Yongju Yu, Chenggang Jiang, Haiyan Xu, Qian Yang, Jiawen Li, Yuanyuan Xu, Wenjun Xiang, Li Peng, Botao Liu, Fang Lv, Min Li

Abstract

It has been observed that trait anxiety easily leads to conflict maladaptation under conflict circumstances. However, it remains unclear whether the precise neural mechanisms underlying the effects of high trait anxiety (HTA) on cognitive control are consistent in high trait anxious individuals, with and without anxiety disorders. The present study recruited 29 healthy volunteers with low trait anxiety (LTA), 37 healthy volunteers with HTA, and 23 patients with generalized anxiety disorder (GAD). All participants completed demographic information and self-report measures of trait anxiety and depression. Then, they performed the emotional flanker task with event-related potentials (ERPs) recorded.

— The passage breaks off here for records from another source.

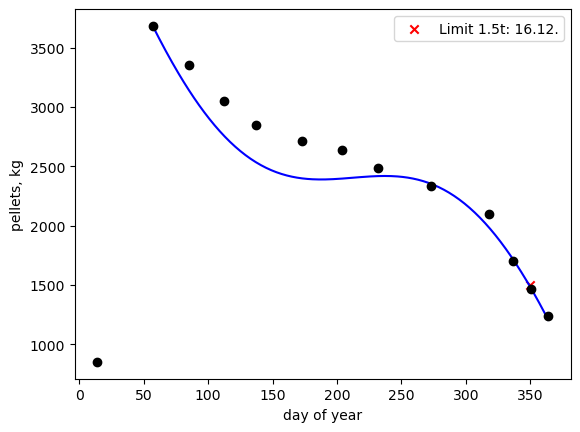Auf Basis der sigmoidalen Verbrauchsanpassung wird der Füllstand des Pelletbunkers vorhergesagt (blaue Linie). Die gemessenen Füllstände (schwarze Punkte) sind Abschätzungen des Verbrauchs aus dem Aschegewicht nach bestimmten Intervallen. Der optimale Zeitpunkt zum Wiederbefüllen ist durch das rote Kreuz markiert.
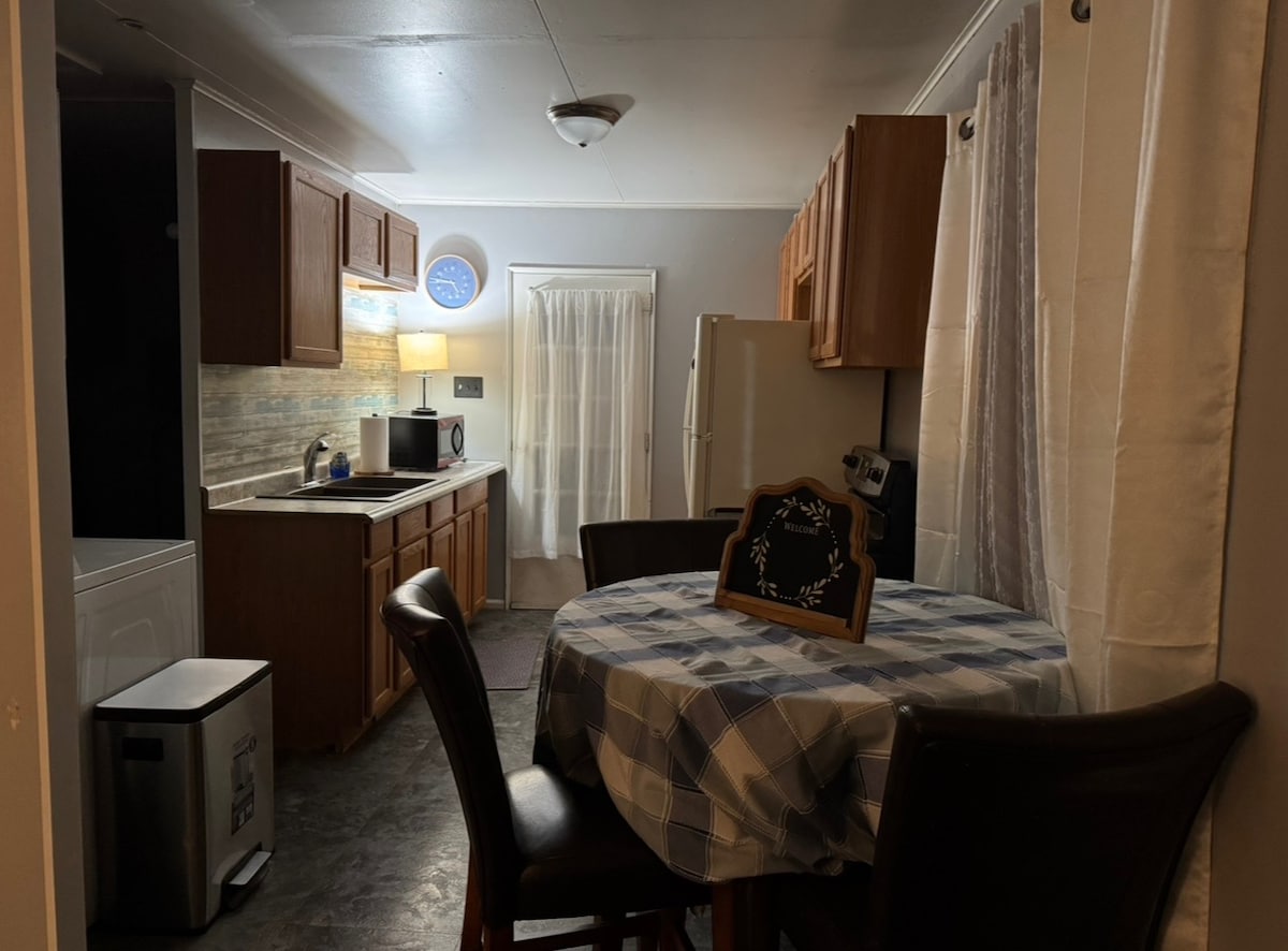 Situato in posizione centrale! Sei a pochi passi da alcuni dei grandi negozi, bar e ristoranti che il centro di Fairbury ha da offrire. Anche il supermercato di Dave è a pochi minuti a piedi. E per gli appassionati di corse, il Fairbury Speedway dista solo 3 minuti in auto o 8 minuti a piedi. L'edificio dispone di 1 camera da letto con letto matrimoniale. Il soggiorno ha un lungo divano e un divanetto letto estraibile, ciascuno dei quali può ospitare 1 persona. C'è un bagno di servizio con wc, lavandino e lavatrice/asciugatrice. L'unica doccia si trova in camera da letto.
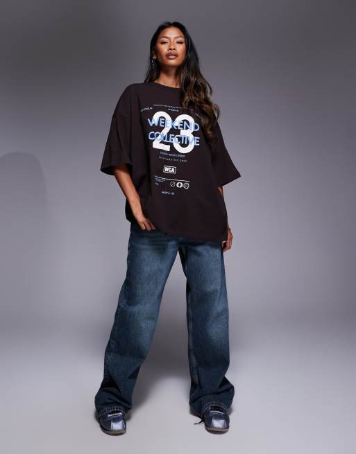 Weekend Collective - T-shirt oversize avec numéro et logo superposés - Chocolat
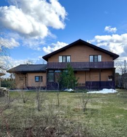 Особенности дома: интересная планировка, высокие потолки (3,3 м - на 1 этаже, 5,5 м - на втором), лесной участок - утопает в зелени, живописный вид из панорамных окон на вековые сосны, рябины, дубы.
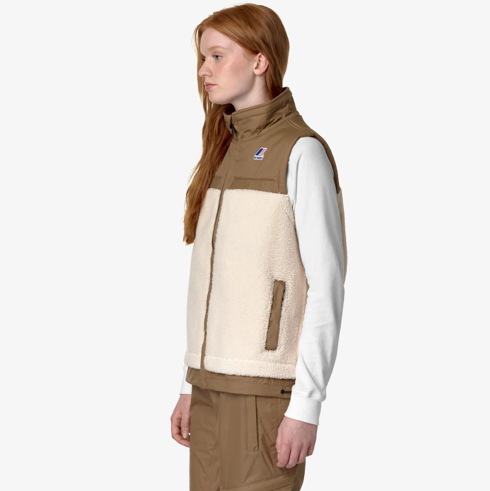 Jile è un gilet antivento dal look pratico e sportivo, ideale da indossare anche come capo da esterno durante il cambio di stagione e i primi freddi. Il modello, con vestibilità regolare e chiusura a zip, è realizzato in tessuto sherpa intervallato da applicazioni in nylon che attribuiscono un tocco tecnico al look incrementando la resistenza del capo. Questo gilet presenta collo alto, fondo regolabile, 2 tasche laterali e un taschino verticale sul petto.
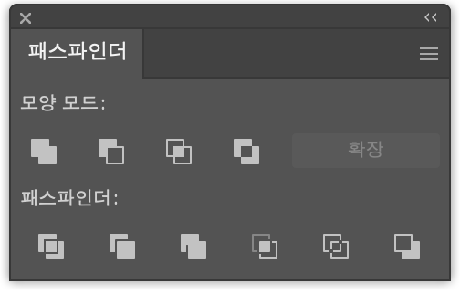 패스파인더 패널은 상단 메뉴 윈도우 > 패스파인더 또는 단축키 윈도우 ctrl + shift + F9 / 맥 ⌘(command) + ⇧(shift) + F9로 열고 닫을 수 있습니다. 패스파인더 패널에는 모양 모드와 패스파인더로 패스파인터 효과가 나눠져 있습니다. 모양 모드는 합치기, 앞면 오브젝트 제외, 교차영역, 교차영역 제외가 있고, 패스파인더는 나누기, 동색 오브젝트 분리, 병합, 자르기, 윤곽선, 이면 오브젝트 제외가 있습니다.
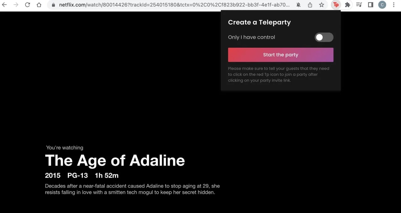 Step 3. Go to a streaming site to find the video you want to watch with your friends. Click on the TP icon in the upper right and click on the Start the Party button.
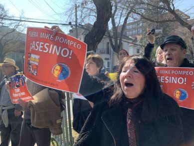 Según reportó la Radio de la U. de Chile, los manifestantes llegaron con pancartas, cantos y consignas, hasta la calle Bustos en Providencia, para prestar su apoyo a los habitantes de Venezuela que en la actualidad viven una dura crisis económica, recrudecida tras las medidas con que la administración de Trump busca presionar al Gobierno bolivariano.
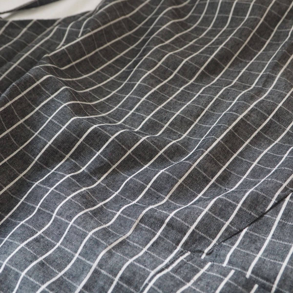 普段無地の服を選ぶことが多いので、チェック柄のエプロンがいいアクセントになってくれてエプロンが目に入るたび気分が上がります。
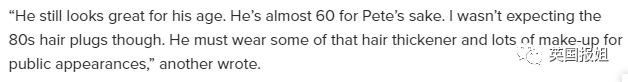 “以他的年龄来说,他看起来还是很好的。求求了,他都快60岁了。不过他这个80年代的头发是怎么回事,他在公众场合还是多涂一些增发剂和化妆品吧。”
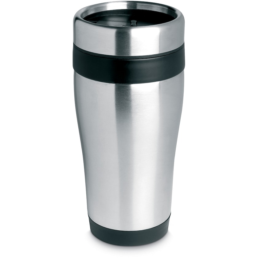 Dubbelsidig metallmugg utan handtag. Muggen insida är tillverkad av polypropen. En snygg och prisvärd metallmugg!
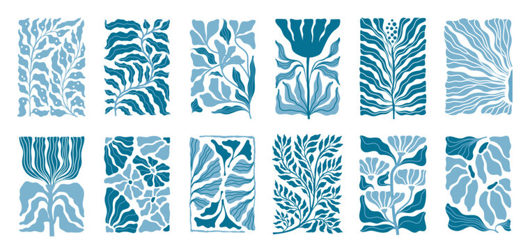 Matisse style flowers. Geometric plant pattern, abstract minimal modern collage, floral and nature trendy blue doodles. Vector illustration background
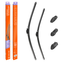 Щетки стеклоочистителя 600/530мм (24"/21") бескаркасные для а/м Volkswagen Tiguan (07-17), Mitsubishi ASX (10-)/Outlander II (06-12), Skoda Kodiaq (16-), Changan CS95 (17-), Mercedes-Benz Sprinter (95-06), комплект, 3 типа адаптеров
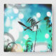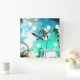 Relógio Quadrado Turquoise Grass Art Sparkle Wall Clock
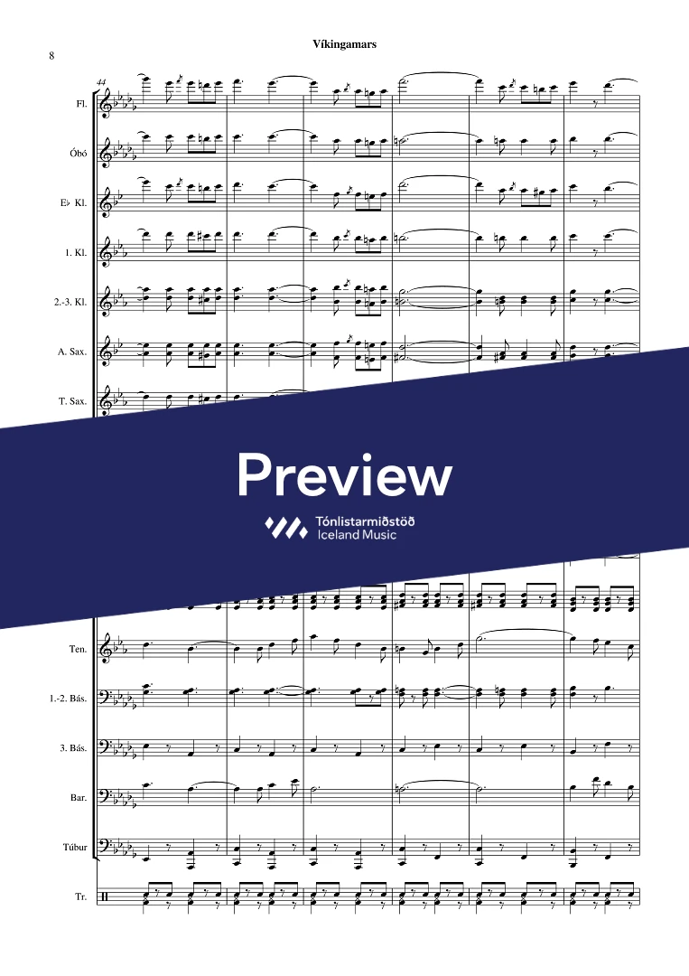 2 (picc). 0.4 (1 Es). 3 (Es). - 2 Cornet. 2 TrUmpet. 3 Horn (Es). 3 Trbn. 2 THorn. BHorn. 2 Tubes - percussion
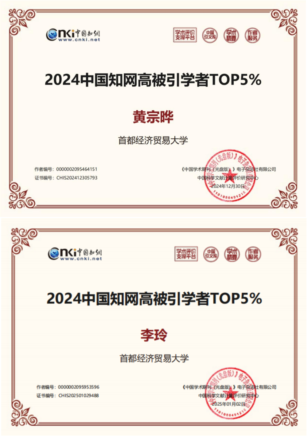 近日,“2024中国知网高被引学者”名单在网上预发布。麻豆a片 教师黄宗晔、李玲成功入选应用经济学高被引学者TOP5%名单。
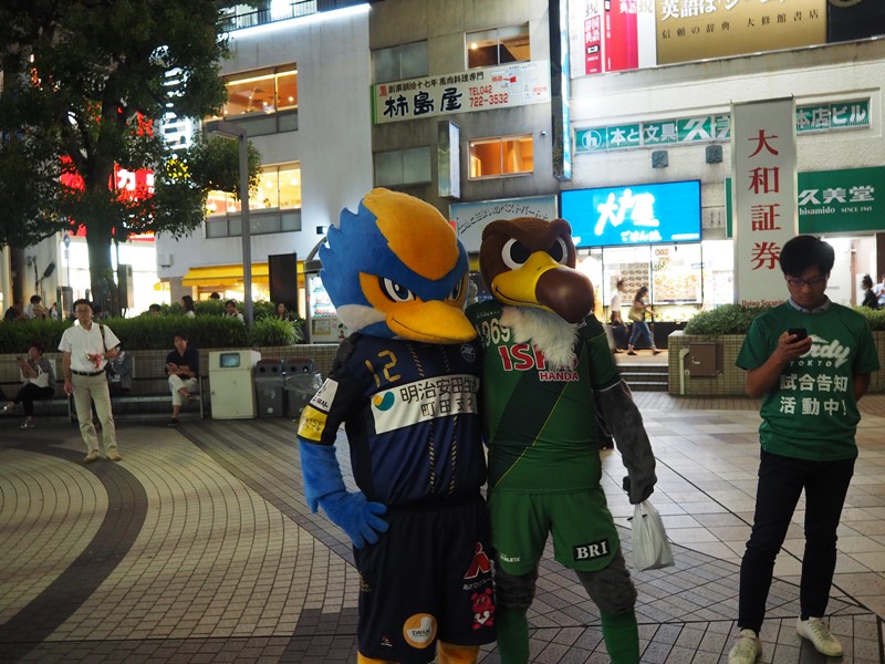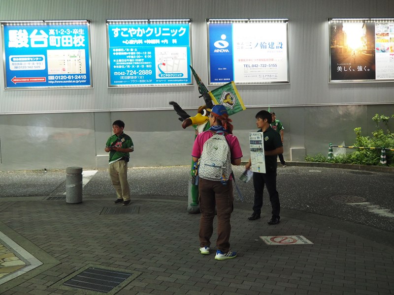 総勢約30人+2羽で午後7時00分から1時間、町田駅をご通行中の皆様に25日(日)のJ2第20節町田vs東京V(町田市陸上競技場)『東京クラシック』のPRを行いました。

Behavioral data manifested that, relative to LTA individuals, GAD patients displayed prolonged response times and increased error rates, while HTA individuals showed intact response times and accuracies. Event-related potential (ERP) data revealed that HTA individuals exhibited a trend toward more negative N2 amplitudes for conflict detection. By contrast, both HTA and GAD individuals displayed decreased P3 amplitudes for conflict resolution. ERP results indicated that both HTA and GAD individuals exhibited conflict maladaptation on the N2 amplitude. Correlation analyses also showed that the increased anxiety symptoms were associated with longer reaction times, more error rates, lower P3 amplitudes, and more perturbations in conflict adaptation on reaction times and N2 amplitudes. Our results demonstrated a severely impaired cognitive control in GAD patients while a moderately impaired cognitive control in HTA individuals. Trait anxiety can indeed serve as a predominant factor at the onset and in the maintenance of GAD. Therefore, the trait anxiety reducing strategies may provide significant therapeutic gains.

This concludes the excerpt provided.